Kufr 'Awan (كفرعوان in Arabic) is a village of Kourah Department, Irbid Governorate, Jordan. It is one of the five metropolitan districts of Barqash.

== Geography ==
The village of Kafr Awan is located between four villages: Jdita and Kafr Abel from the south and southwest, and Beit Ides and Kafrrakeb from the north. And it is 73 km from the capital, Amman. The town of Kafr Awan is located in the middle, which makes it close to the valley, and on the other hand, it is close to the mountain area in the Ajloun governorate, which is an old town, meaning Kafr Awan, meaning medium farms, and it enjoys the beauty of its nature, especially in the summer and spring.

== History ==
Source:

There are three archaeological places here: kherbet fatteh, Al kharjah, and Attantoor which are listed on the archaeological map of Jordan.

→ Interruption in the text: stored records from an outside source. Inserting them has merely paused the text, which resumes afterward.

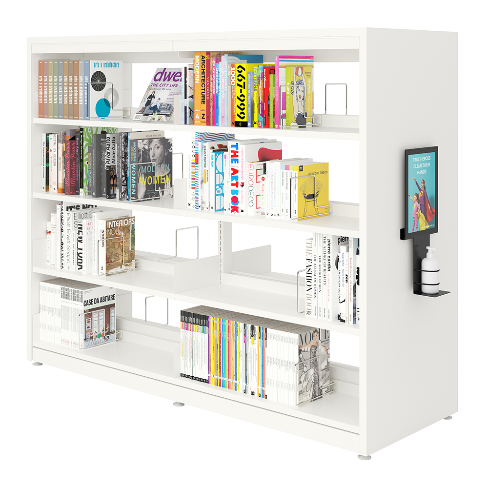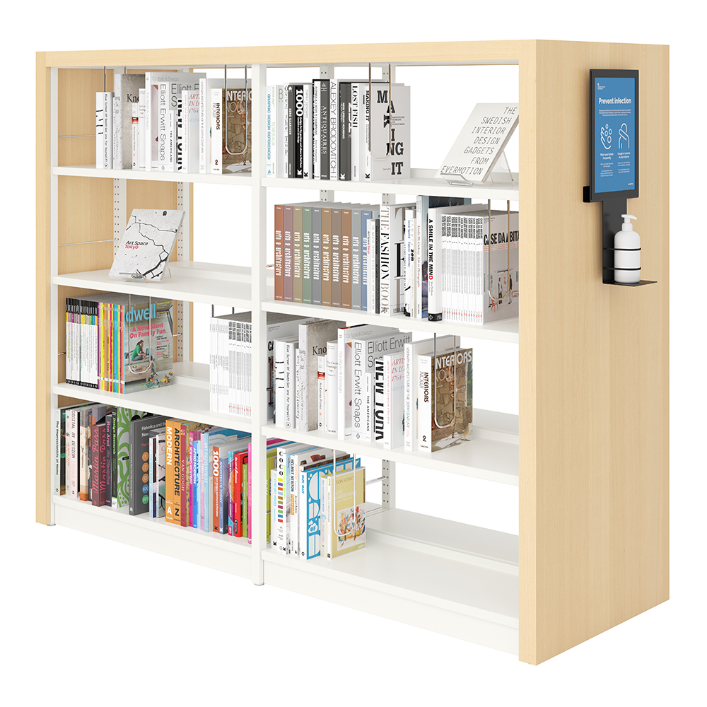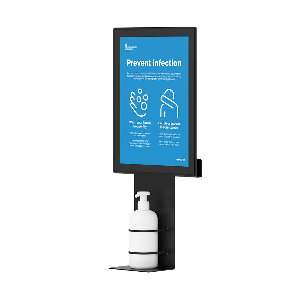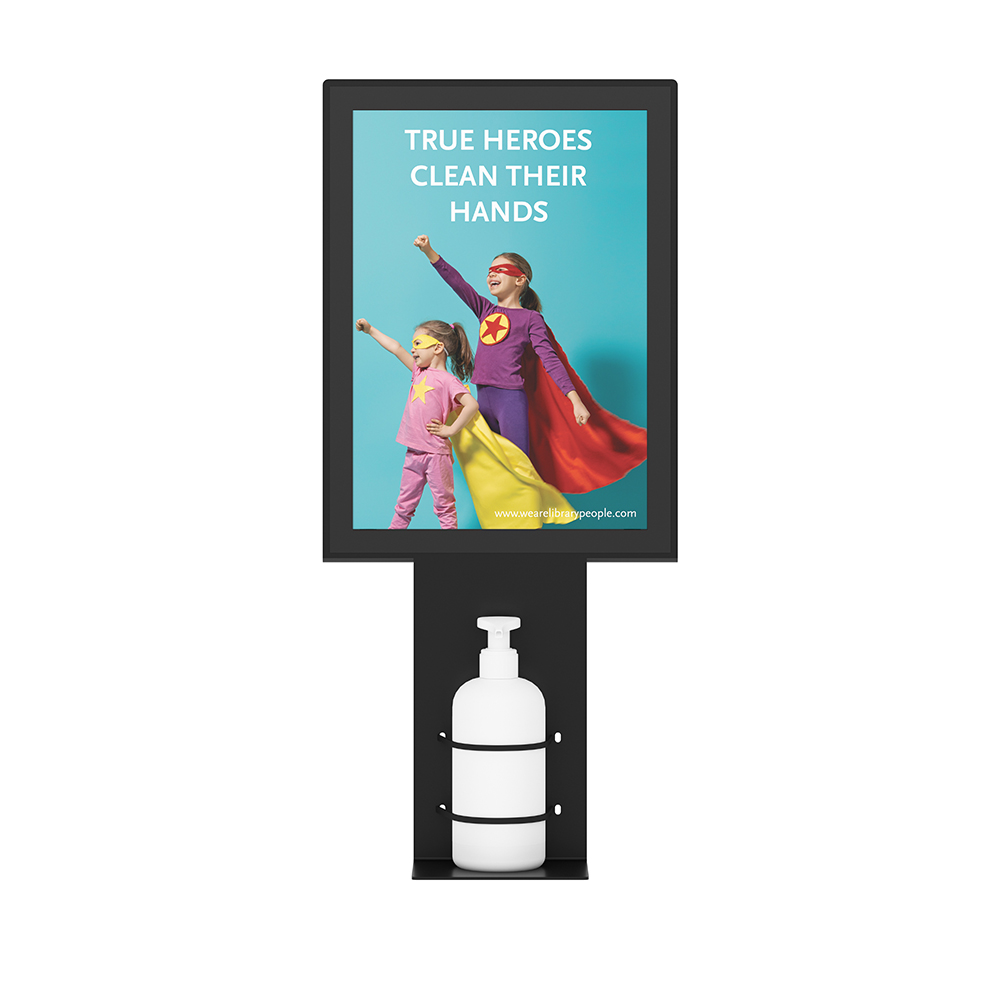 Wandmontierter Spender für Handdesinfektion mit A4 magnetischem Rahmen für einfachen Tausch der Beschriftung.
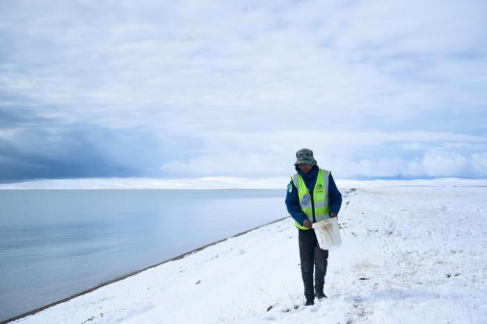 2021年10月,三江源國家公園黃河源園區生態管護員俄措在扎陵湖邊撿拾垃圾。新華社記者張龍攝
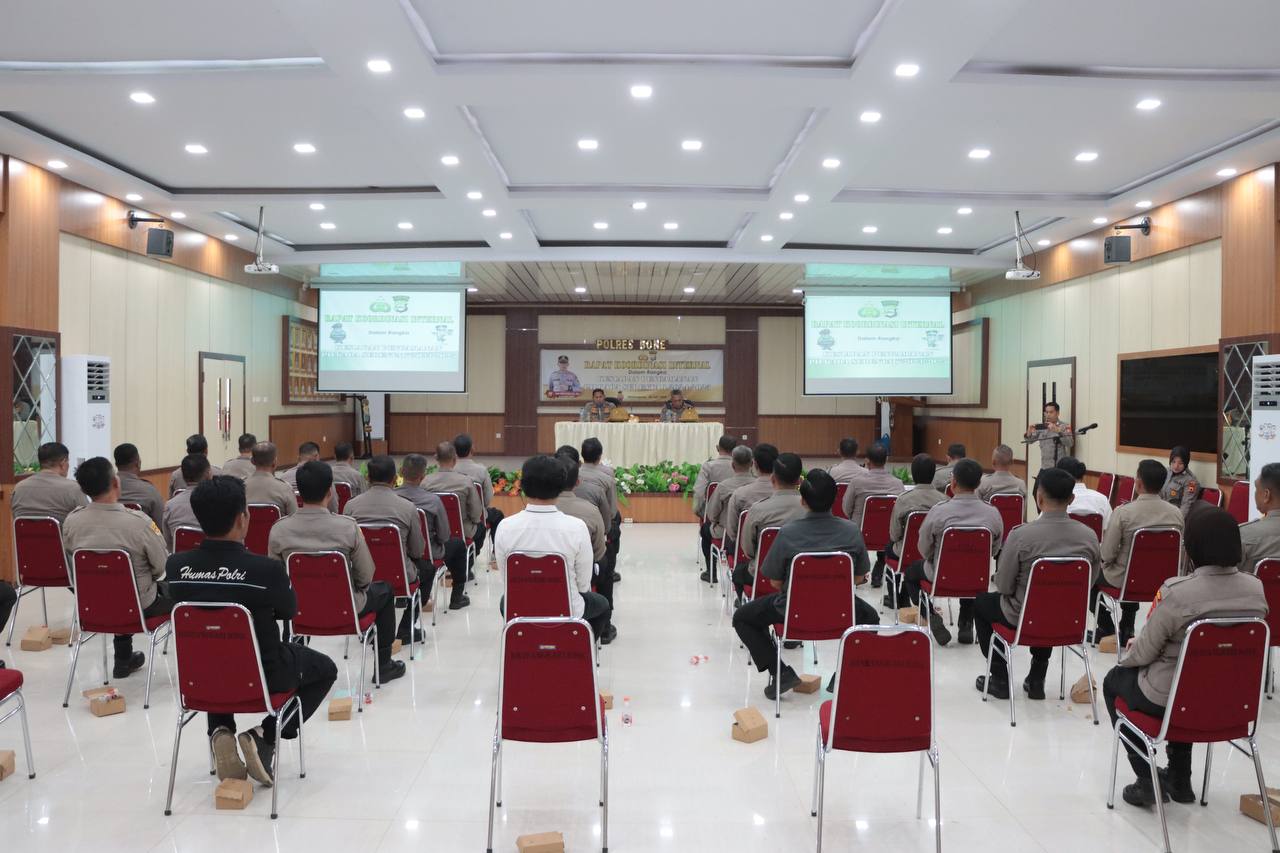 BONE -Berandankrinews.com. Kapolres Bone AKBP Erwin Syah, S.I.K.M.H Pimpin Rapat Koordinasi Internal jajaran Polres Bone dalam rangka kesiapan menghadapi Pemilihan Kepala Daerah tahun 2024 yang dilaksanakan di Aula Sarja Arya Racana. Senin (22/07/2024)
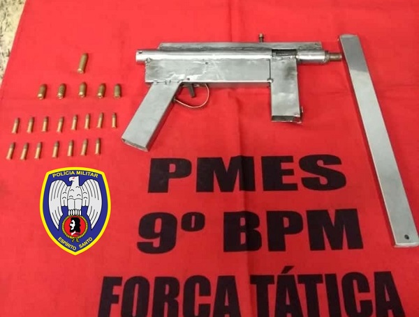Um adolescente de 15 anos foi apreendido com uma submetralhadora no bairro Aeroporto, em Cachoeiro, na noite desta quinta feira (26). A informação foi divulgada pelo 9° Batalhão. Conforme a Polícia Militar, o fato ocorreu às 19h35min na Rua José João Fiori, e a submetralhadora é de fabricação caseira.
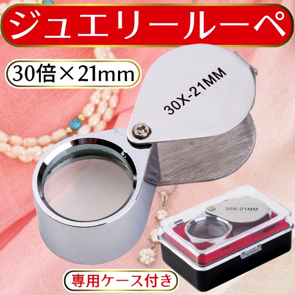 ジュエリー ルーペ 30 倍 21 mm 拡大鏡 マイクロスコープ コンパクト 高級 シルバー ケース付 プロ仕様 鑑定 眼鏡
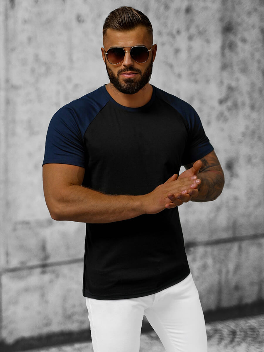 T-shirt pochodzi z najnowszej kolekcji. Ma krótki rękaw i okrągły dekolt typu U-neck. Oryginalnego wyglądu nadają mu kontrastowe łączenia materiałów. Koszulka została wyprodukowana z wysokiej jakości bawełny oraz poliestru. Sprawia to, że ładnie dopasowuje się do sylwetki, jest wygodna w noszeniu, miła w dotyku, nie gniecie się i nadaje się do prania w pralce.
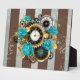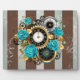 Placa Expositora Steampunk Clock and Turquoise Roses on Striped
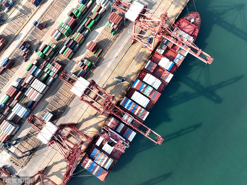 The busy loading and unloading of containers at the operation area of the container terminal in Lianyungang, East China's Jiangsu province, March 7, 2023. [Photo/VCG]
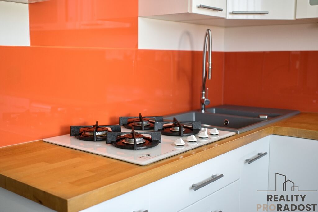 Kuchyňská linka do L kombinuje dekory lesklé bílé a pracovní desky z masivu. Součástí linky jsou i vestavěné spotřebiče - myčka, plynová varná deska, odsavač par, trouba, mikrovlnná trouba a granitový dřez s baterií. V kuchyni je dostatek prostoru na umístění jídelního stolu. Kuchyně je orientována do vnitrobloku do zeleně.
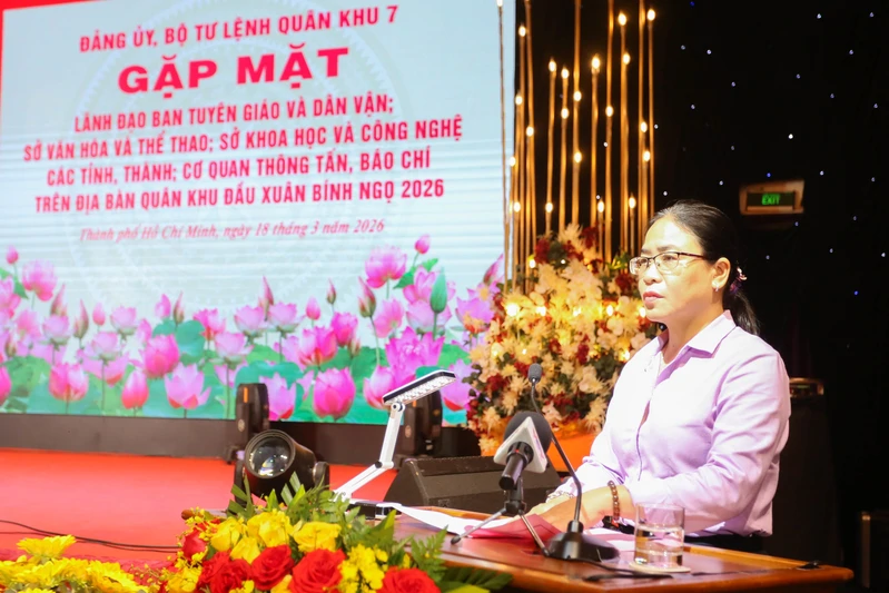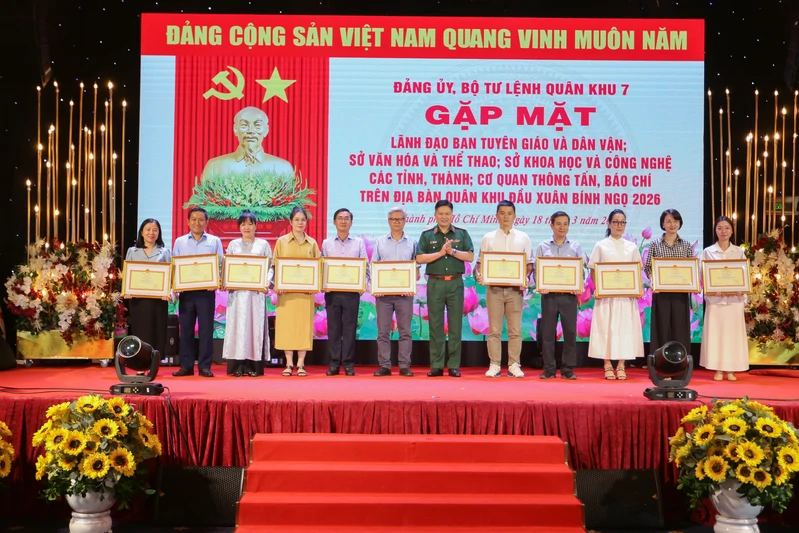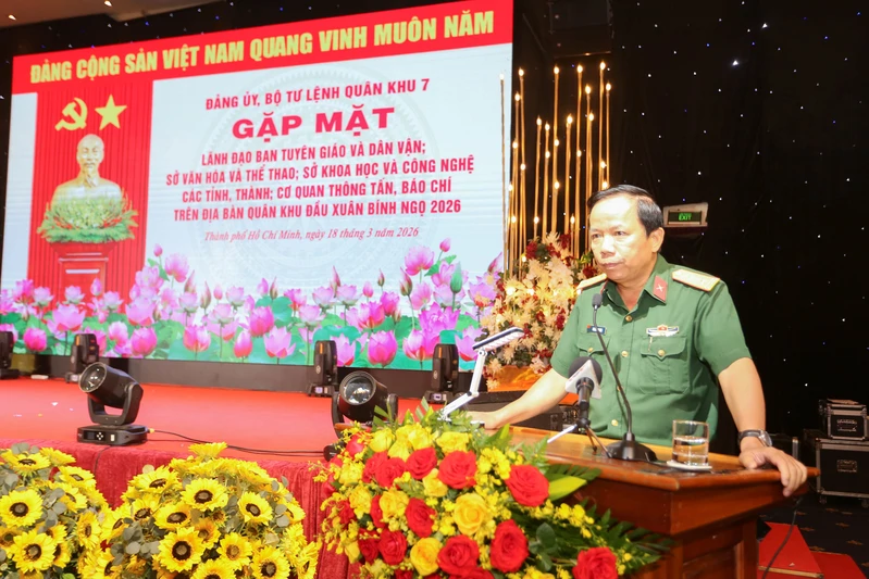 (QK7 Online) – Ngày 18/3, Đảng ủy, Bộ Tư lệnh Quân khu 7 tổ chức gặp mặt lãnh đạo các Ban Tuyên giáo và Dân vận; Sở Văn hóa - Thể thao Thành phố Hồ Chí Minh; Sở Văn hóa Thể thao và Du lịch; Sở Khoa học và Công nghệ các tỉnh, thành phố; các cơ quan thông tấn, báo chí Trung ương, Quân đội và địa phương trên địa bàn Quân khu đầu Xuân Bính Ngọ năm 2026.
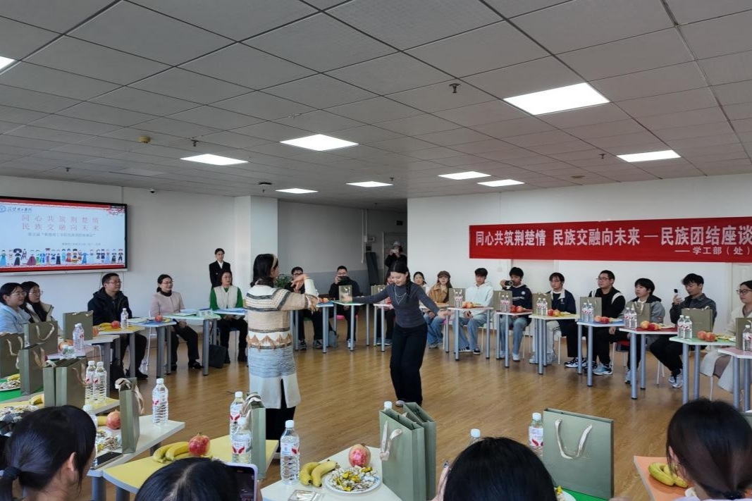 为深入学习贯彻习近平总书记关于加强和改进民族工作的重要思想,以二十届四中全会精神为指引,11月22日,我校以“同心共筑荆楚情 民族交融向未来”为主题,举办第五届少数民族学生代表座谈会暨民族团结教育活动。校党委副书记郑艳,统战部、学工部(处)相关教师与少数民族学生代表齐聚一堂,将全会精神学习融入交流实践,共话成长、共促融合。
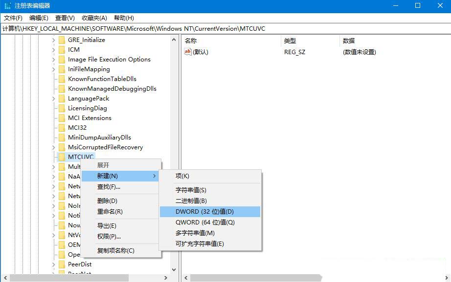 2、接着,在打开的界面中,依次点击展开“hkey_local_machine\software\microsoft\windows nt\currentversion\mtcuvc”。
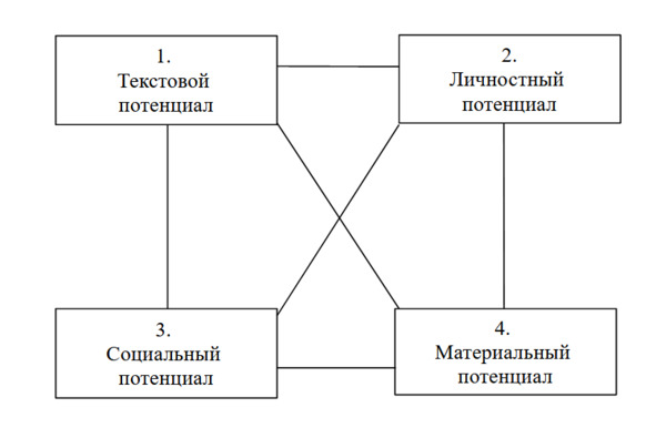 Текстовый потенциал. Совокупность текстов культуры, которыми обладает данное сообщество на тот или иной момент (период) времени. Эти тексты могут быть самого разного типа, но все они функционируют или могли бы функционировать в деятельности тех или иных культуротворческих групп.
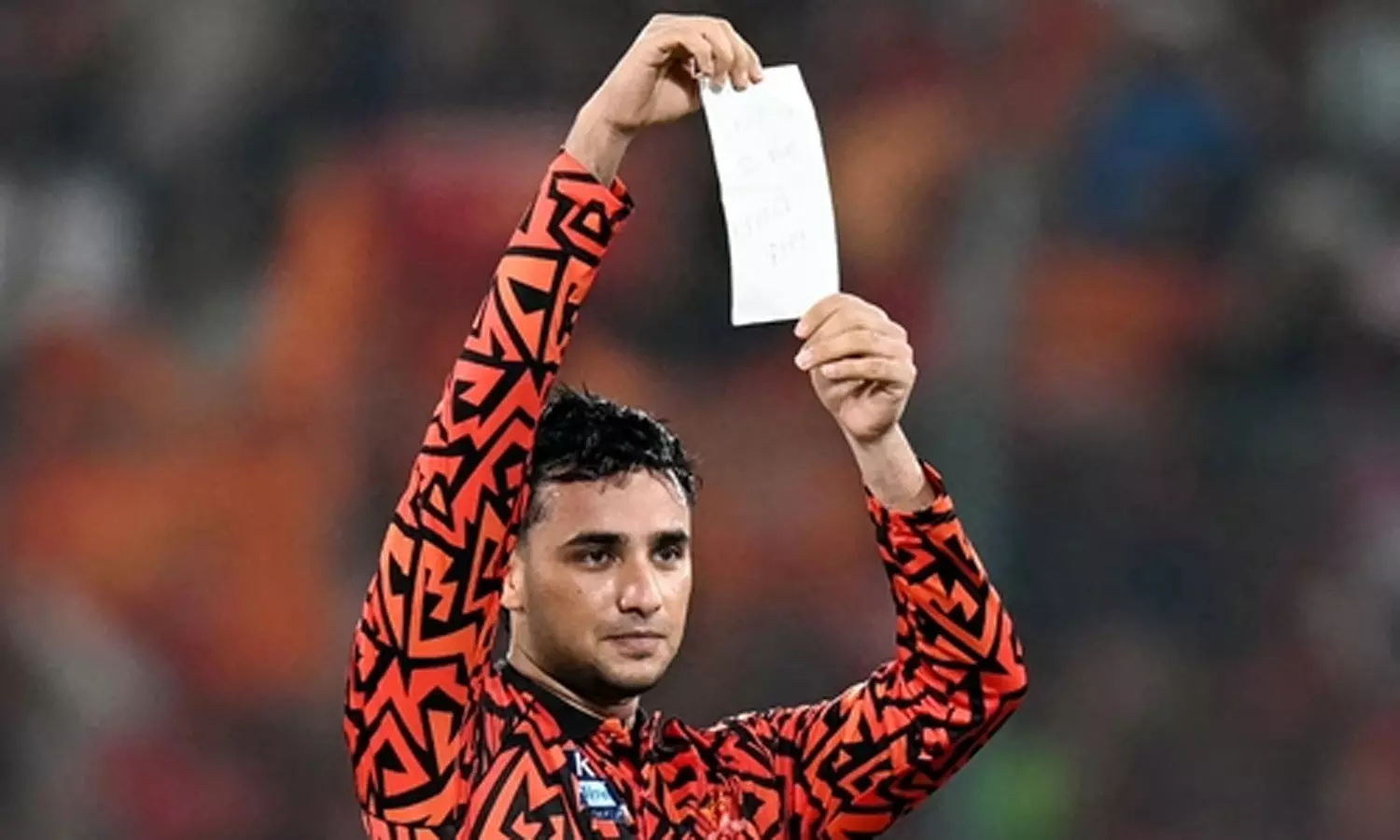 அபிஷேக் சர்மா தனது பாக்கெட்டில் இருந்து காண்பித்த ஒரு துண்டுச்சீட்டில், 'This one is for Orange Army' (ஆரஞ்சு ஆர்மி ரசிகர்களே, இது உங்களுக்காகத்தான்) என எழுதப்பட்டிருந்தது.
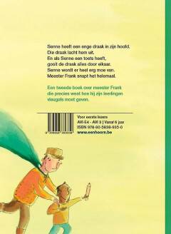 Een tweede boek over de bijzondere meester Frank die precies weet hoe hij zijn leerlingen vleugels moet geven. Gevoelig verhaal over het overwinnen van faalangst. Vanaf 6 jaar (AVI 3 / AVI-E4). Senne heeft een draak in zijn hoofd. Die draak lacht hem uit. En als Senne een toets heeft, gooit de draak alles door elkaar. Senne wordt er heel erg moe en onzeker van. Gelukkig snapt meester Frank het helemaal. Meester Frank wordt ridder Frank en weet het vreselijke monster te verrassen. Hij tovert de draak om in een nieuw dier, met een lieve snuit. Het dier in Sennes hoofd gooit niets meer door elkaar. Nu lukken de toetsen wel!

The town overlooks the famous ancient Roman city of Pella more known as " Tabaqet Fahel", which was one of the ten cities that made up the Decapolis union.

The Battle of Fahl between the Rashidun Khalifate and the Roman Empire took place in this area.
Just below the ancient site is a mosque which commemorates the death of one of the companions of the prophet Mohammed, who fell in the battle in January 635 CE.

In 1596, during the Ottoman Empire, Kufr 'Awan was noted in the census as being located in the nahiya of Kure in the liwa of Ajloun. It had a population of 16 Muslim households and 7 Muslim bachelors. They paid a fixed tax-rate of 25% on various agricultural products, including wheat, barley, olive trees/vineyards/fruit trees, goats and beehives, in addition to occasional revenues; a total of 14,000 akçe.

In 1838 Kufr 'Awan's inhabitants were predominantly Sunni Muslims.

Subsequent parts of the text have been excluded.